━━ Material for this task ━━

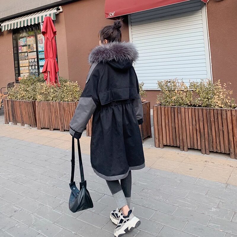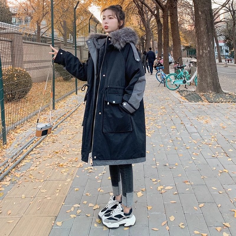 胖mm大码女装黑色工装派克服女中长款冬季新款加绒加厚棉衣外套潮
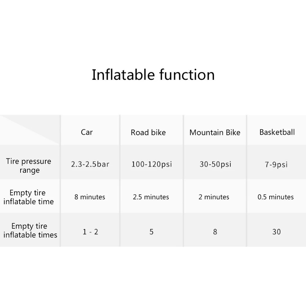 Этот мини-перезаряжаемый насос легко поместится в небольшой упаковке, просто носите его с собой во время езды в чехол, который ваш велосипед должен надуваться на пути, и это может быть также банк питания и освещение в чрезвычайной ситуации. Хороший компаньон для гонщиков! Особенности: Около 2,5 минут 100-120PSI за 1 дорожный мотоцикл шины, около 2 минут 30-50PSI за 1 горный велосипед шины, около 0,5 минут 7-9PSI за 1 Баскетбол, около 8 минут 2,3-2.5bar для автомобильных шин. 150PSI и точный контроль давления для быстрого надувания, удобный насос позволяет носить с собой и надувать ваши шины в чехол аварийной плоской шины на дороге. Установите значение давления, и машина автоматически выключается, когда достигнет целевого значения. Встроенный перезаряжаемый аккумулятор и около 2,5 часов полной зарядки. Четкий ЖК-дисплей показывает текущее значение давления. Может быть банком питания, когда ваш телефон не работает в аварийной ситуации. Легко крепится на велосипед с установочным аксессуаром или просто помещается в небольшой упаковке для вашего велосипеда, автомобиля, баскетбола и плавательного кольца. Технические характеристики: Материал: Поликарбонат и АБС-пластик Батарея Емкость: 4*3,2 V/500 мА * ч перезаряжаемого литий-Батарея Рабочий ток: 1 ~ 5A Время зарядки: 2,5 часов Режим зарядки: Micro-USB Максимальное давление: 150 фунтов на кв. дюйм/10 бар/90 кПа/10.5 кг/см2 Рабочая температура: -10 °C ~ + 60 °C(14 °F ~ 140 °F) Вес хоста: 340 г/11,9 унций Размеры: 18*5,5*5,5 см/7,0*2,1 * 2.1in Посылка Вес: 556g / 1.2lb Посылка список: 1 * насос 1 * Воздушная трубка 1 * FV адаптер 1 * игла 1 * воздушный кран для ванны 1 * USB кабель 1 * шестигранный ключ, дюймовый стандарт 2 * Нескользящие коврики 2 * винта 1 * велосипедный кронштейн 1 * крепежная лента 1 * сумка для переноски 1 * Руководство пользователя Примечание: 1. Если насос выдает ненормальный звук во время надувания или чрезмерная температура, пожалуйста, прекратите использование. 2, пожалуйста, держите подальше от легковоспламеняющихся и взрывоопасных веществ и оставайтесь с насосом во время надувания. 3. Воздушная трубка и насос легко нагреваются при непрерывной аэрации, пожалуйста, прекратите надувать, чтобы охладить насос, прежде чем использовать его снова.
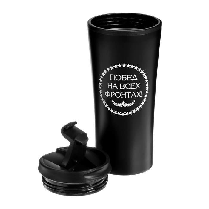 Термокружка "Побед на всех фронтах" - это отличное решение на каждый день для любителей чая и кофе. Термокружка подходит для использования в разных обстоятельствах: в офисе, идеальна для походов, длительных прогулок с ребенком или мини путешествий на природу. Многие используют её как инвентарь для отдыха, походов и туризма. Термокружку можно взять с собой на пикник, а также её можно взять с собой в поездки на дачу или на работу, чтобы напитки не остывали по дороге.
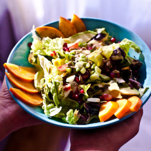 Recipe by Carrots and Flowers at https://www.carrotsandflowers.com/pomegranate-persimmon-salad/
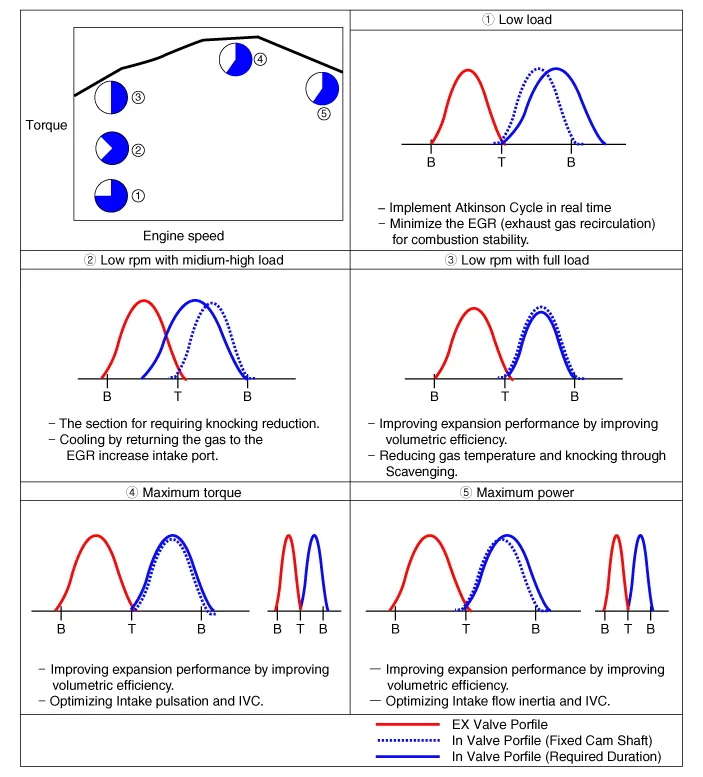 | Optimum Valve Timing by Engine Load |
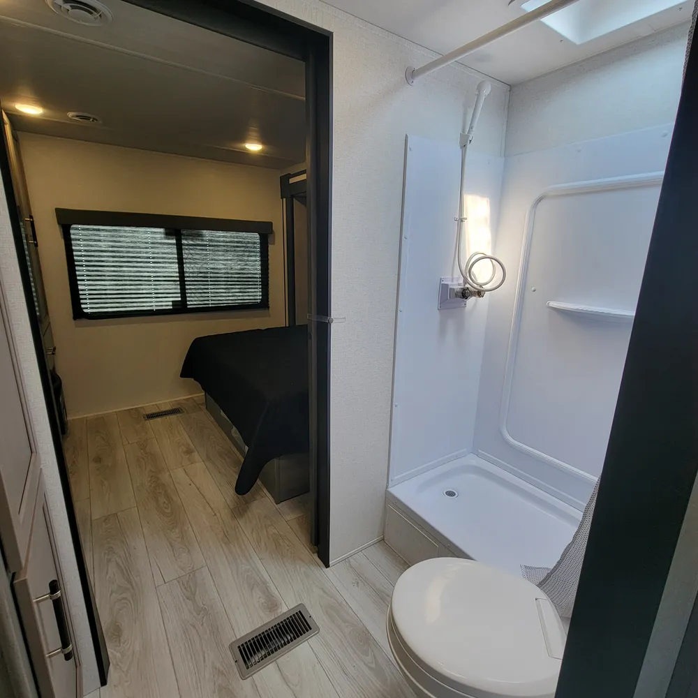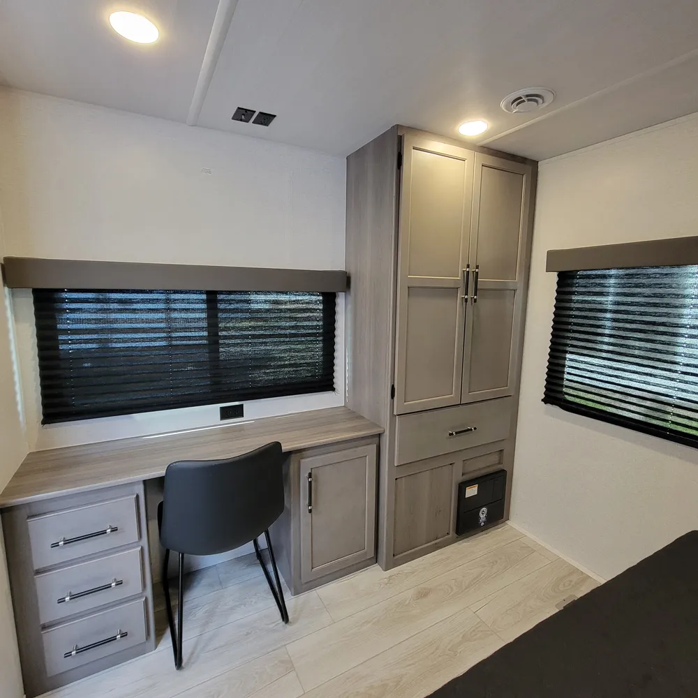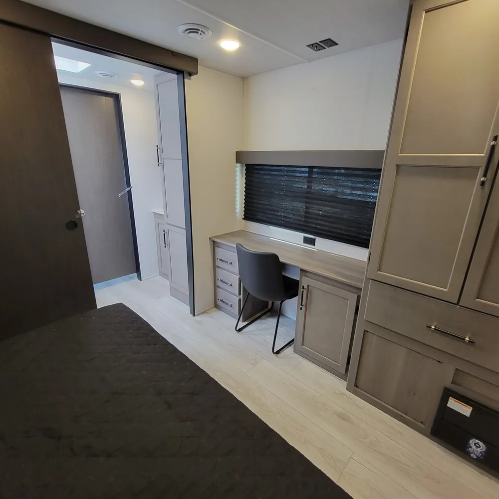 The rear bedroom has its own slideout with a queen bed and a desk with chair. The walk-through bathroom sits mid-coach between the kitchen and bedroom with a toilet, shower, sink, linen closet, and medicine cabinet.
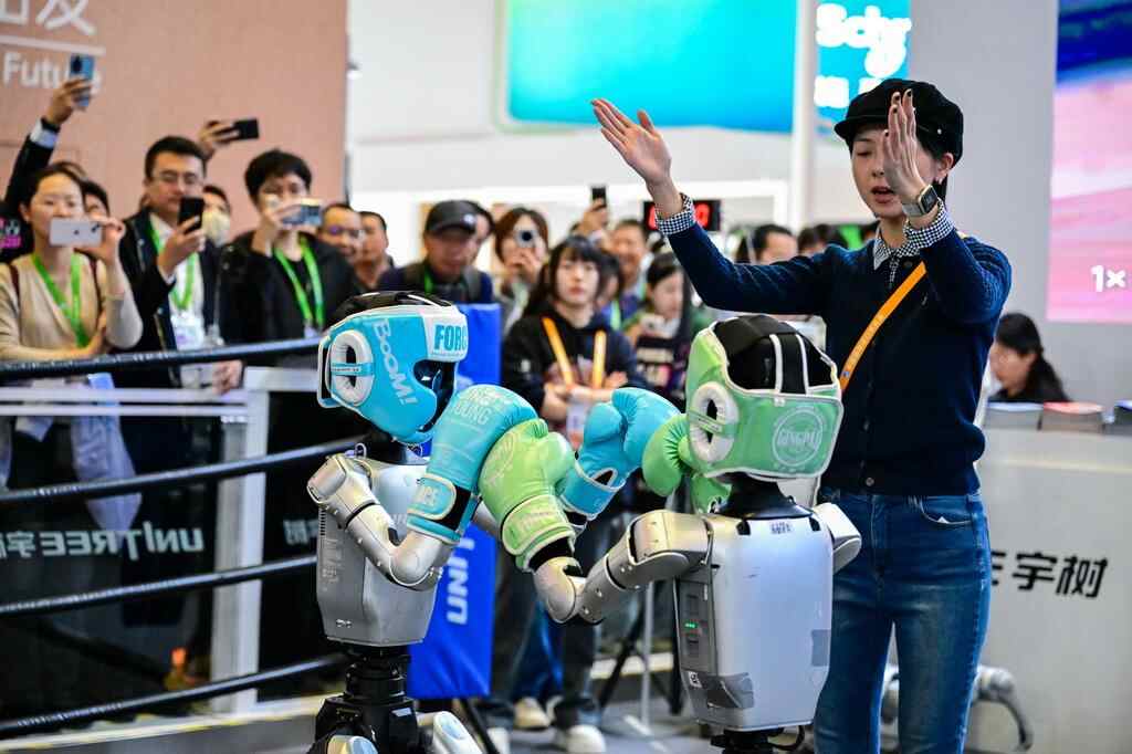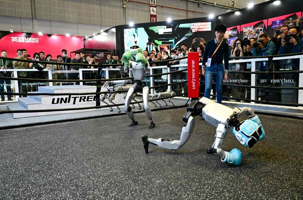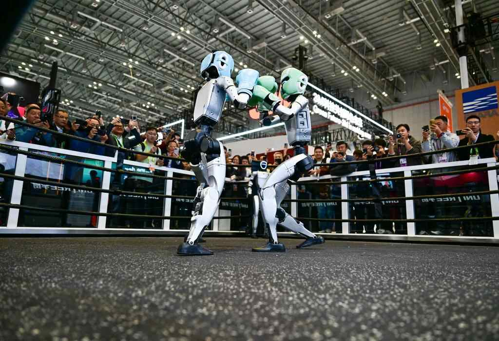 11月6日,在第八届进博会技术装备展区宇树科技展台,两台G1人形机器人的格斗表演吸引了众多观众。它们戴着护具及拳套,施展直拳、勾拳、左右鞭腿,展示倒地自主起身等复杂动作,不时赢得观众喝彩。据介绍,这款亮相表演的人形机器人身高132厘米,体重约35公斤。新华社记者 蔡湘鑫 摄

━━━

* [Exercise requirements]: Above is the material; set down exactly its lines from the one containing "Recipe by Carrots" down to the one containing "The rear bedroom", both included, leaving out any pictures.

* [Response to this task]:
 Recipe by Carrots and Flowers at https://www.carrotsandflowers.com/pomegranate-persimmon-salad/
 | Optimum Valve Timing by Engine Load |
 The rear bedroom has its own slideout with a queen bed and a desk with chair. The walk-through bathroom sits mid-coach between the kitchen and bedroom with a toilet, shower, sink, linen closet, and medicine cabinet.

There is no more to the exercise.